As a small business owner, you can budget for your regular expenses — inventory, payroll, rent, etc. — as they’re fairly predictable, and accounting for them at tax time is straightforward. But what about those miscellaneous expenses that pop up throughout the year? They’re hard to plan for, and, if you overclaim them, you might provoke a tax audit. Luckily, there are ways to plan for these miscellaneous business expenses so you don’t get a headache at tax time.
Advertising is crucial to many businesses, so it’s good news that you can deduct ad expenses on your taxes. To be deductible, though, these expenses must be aimed at a Canadian market. No ad expenses are deductible if you’re advertising with a foreign broadcaster, but 100% of your costs with Canadian newspapers, TV, and radio are deductible. Magazine advertising deductions have special rules, so check with the Canada Revenue Agency to see what deductions apply in your case.
Meals and Entertainment Expenses
If your tax returns show too many entertainment expenses for your type or size of business, you’re waving a red flag that could get you audited. In general, you can only deduct 50% of your expenses for food, beverages and entertainment, and those expenses have to be reasonable given your circumstances. A few exceptions exist. If you’re in the business of providing food and drink, for example, these rules don’t apply; you can throw up to six office parties per year and deduct all expenses, as long as all employees are invited. Entertainment expenses include hospitality suites, cover charges, event tickets, and gratuities. Check with the CRA to learn the specifics and make sure you’re claiming and deducting these complicated miscellany properly.
Bank Charges and Interest
Have you taken out a loan to help expand your small business?

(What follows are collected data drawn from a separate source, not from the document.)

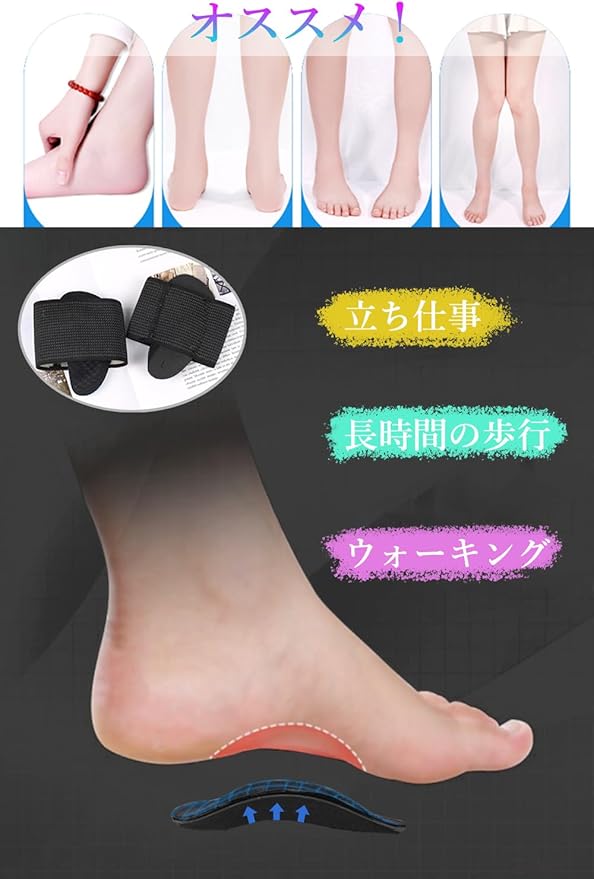 【様々な場合に適用】日常生活に散歩、通勤、通学、旅游、登山等の立ち活動もいいです。土踏まずサポーターは足底を補充して、気軽な歩いている状態を作られます。
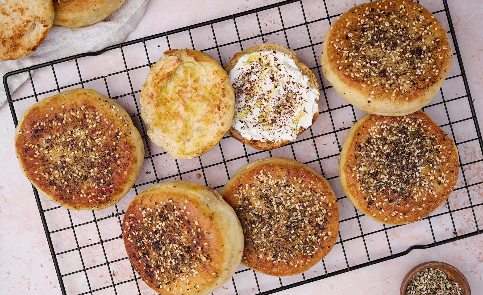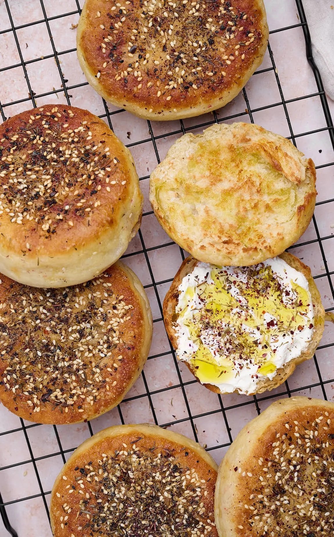 Unlike traditional English muffins cooked in a dry pan, these are pan-fried in olive oil and coated in za’atar, a Levantine spice blend of sesame, sumac, and herbs. The result is a savory, salty English muffin that’s great on its own or topped with labneh, eggs, tomatoes, or avocado.
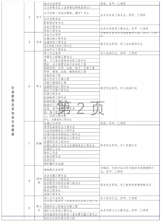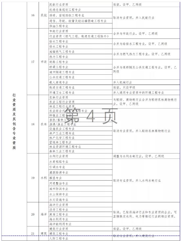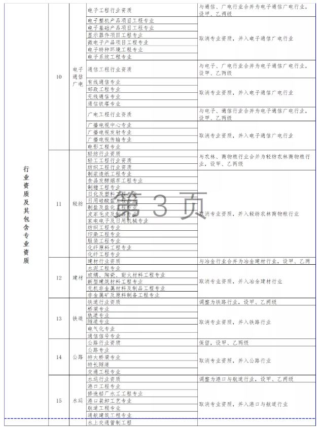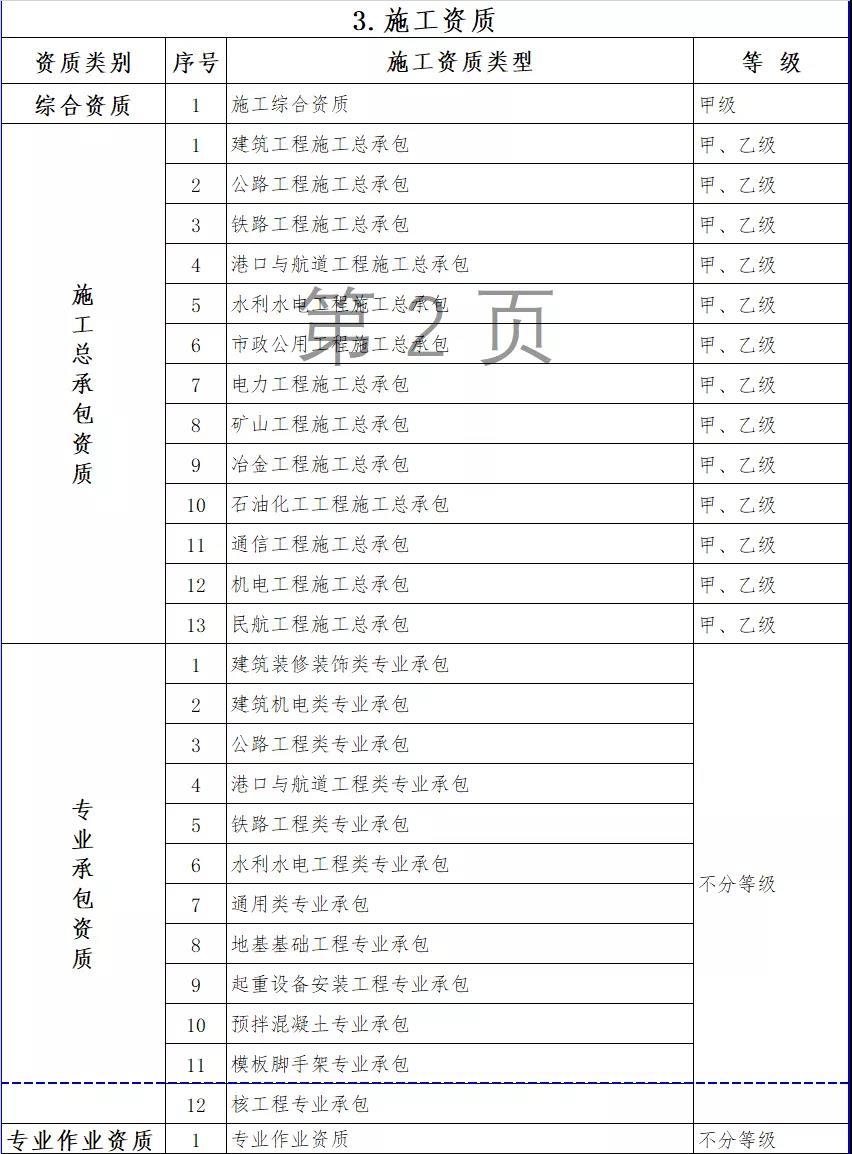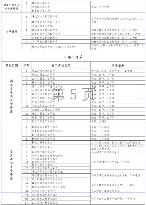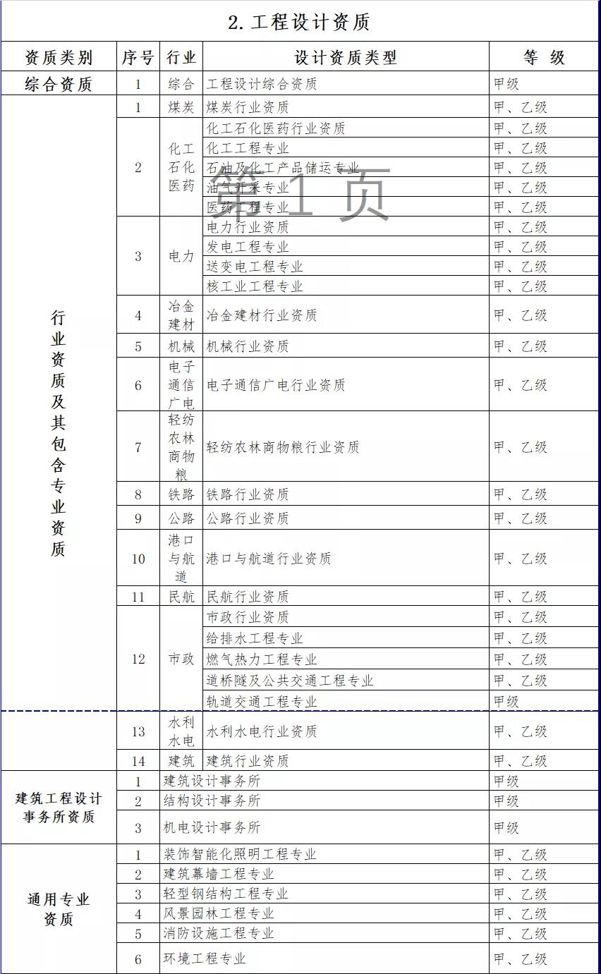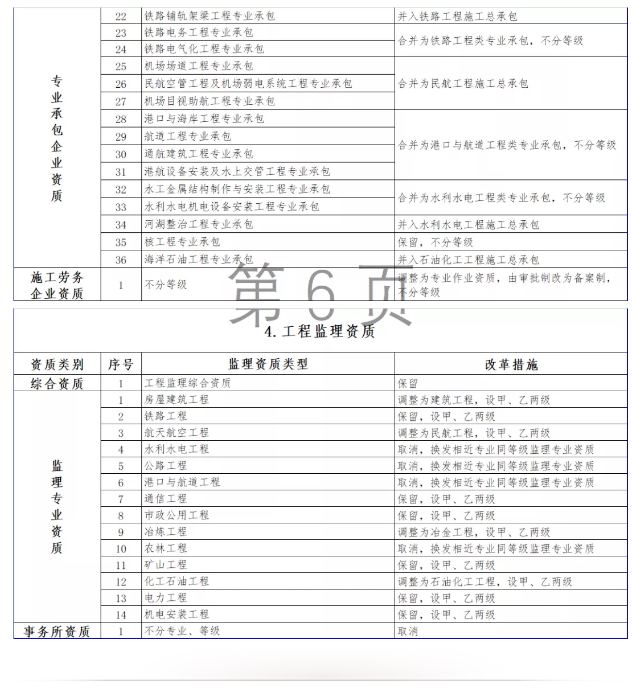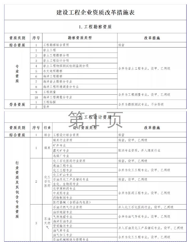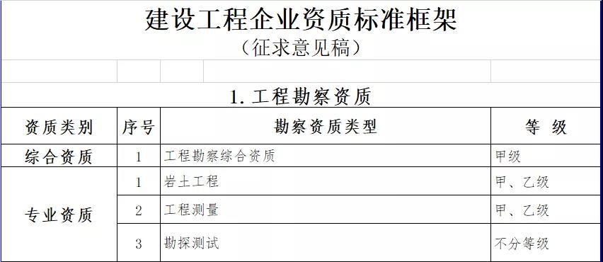 按照國務院深化“放管服”改革部署要求,大幅壓減企業(yè)資質類別和等級(改革措施詳見附件3)。改革后,工程勘察資質分為綜合資質和專業(yè)資質,工程設計資質分為綜合資質、行業(yè)資質、專業(yè)資質和事務所資質,施工資質分為綜合資質、總承包資質、專業(yè)承包資質和專業(yè)作業(yè)資質,工程監(jiān)理資質分為綜合資質和專業(yè)資質。
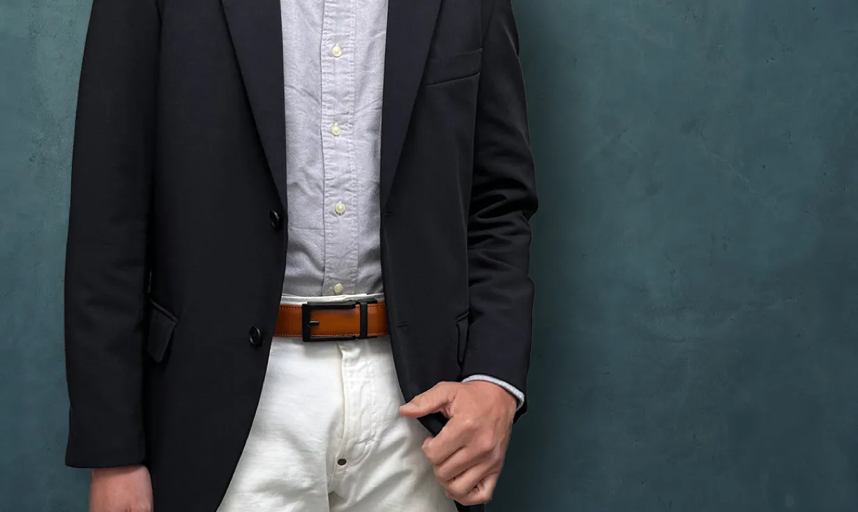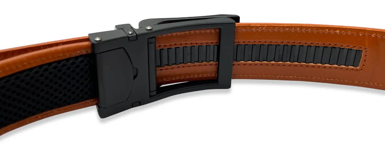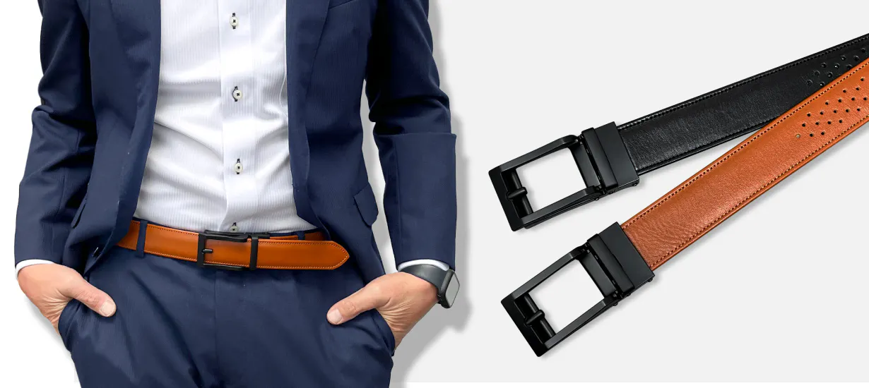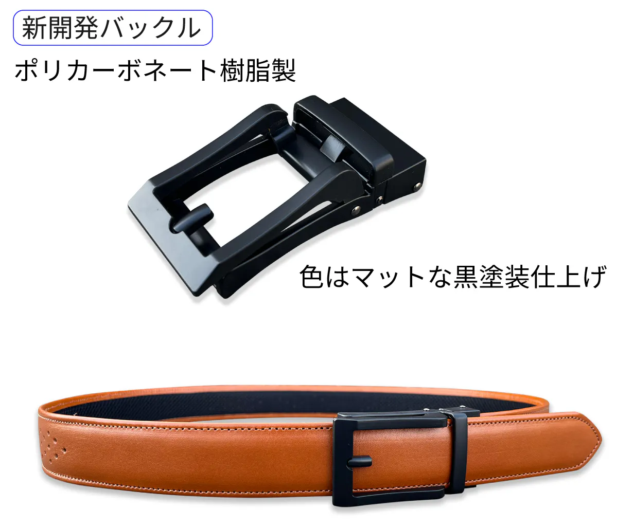 新開発の超軽量・ジャストフィットができるバックル。食後や座った時の息苦しさを一瞬で解消できます!
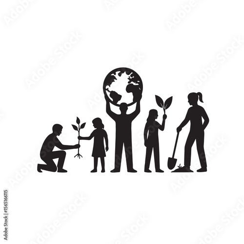 environmental conservation, people, silhouette, children, vector, woman, icon, boy, man, group
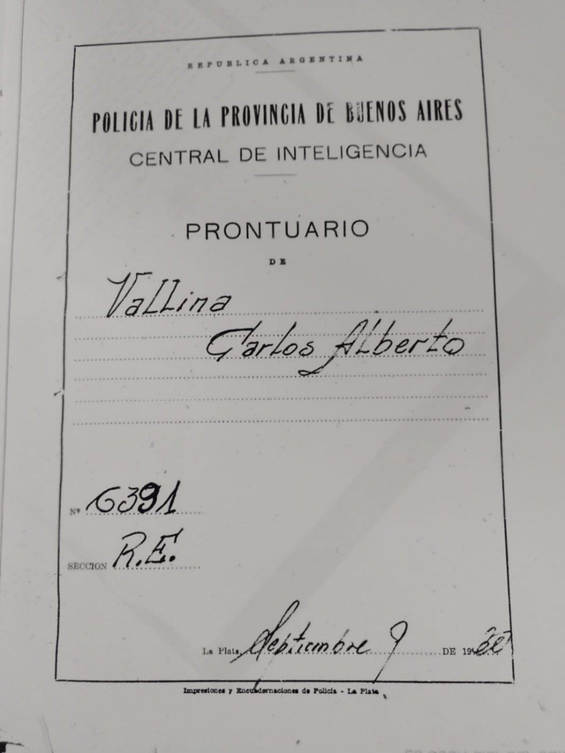 Ficha personal de Carlos Vallina en la DIPPBA, que investigó secretamente sus tareas como militante
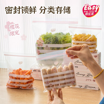易优家保鲜袋食品级密封袋中小号70只防串味厨房冷冻袋野餐露营密袋

If so, you should be glad to know that most of your interest charges are tax deductible, including charges for any property your company has bought. You can also deduct any fees or penalties you pay associated with a loan, plus interest on most loans made against insurance policies. Check out your options regarding the tax treatment of interest payments, since you may want to amortize some of them over five years. In some cases, you can even add your interest payments to the cost of the property involved rather than treating them as an expense. Just be aware of the restrictions that commonly apply to small business owners: You’re restricted on the amount of interest you can deduct for purchases of vehicles and vacant land, and, if you have a home office, you have to deduct interest on your home mortgage as an expense related to the business use of your home.
In addition, you can deduct all management and administration fees you pay for the operation of your small business. This includes bank charges. If you accept credit cards at your business and have to pay processing charges, don’t forget to track them using handy bookkeeping software such as QuickBooks and include them as an expense when you file taxes.
Understanding the rules regarding miscellaneous business expenses and keeping track of them all year can seriously boost to your bottom line at tax time.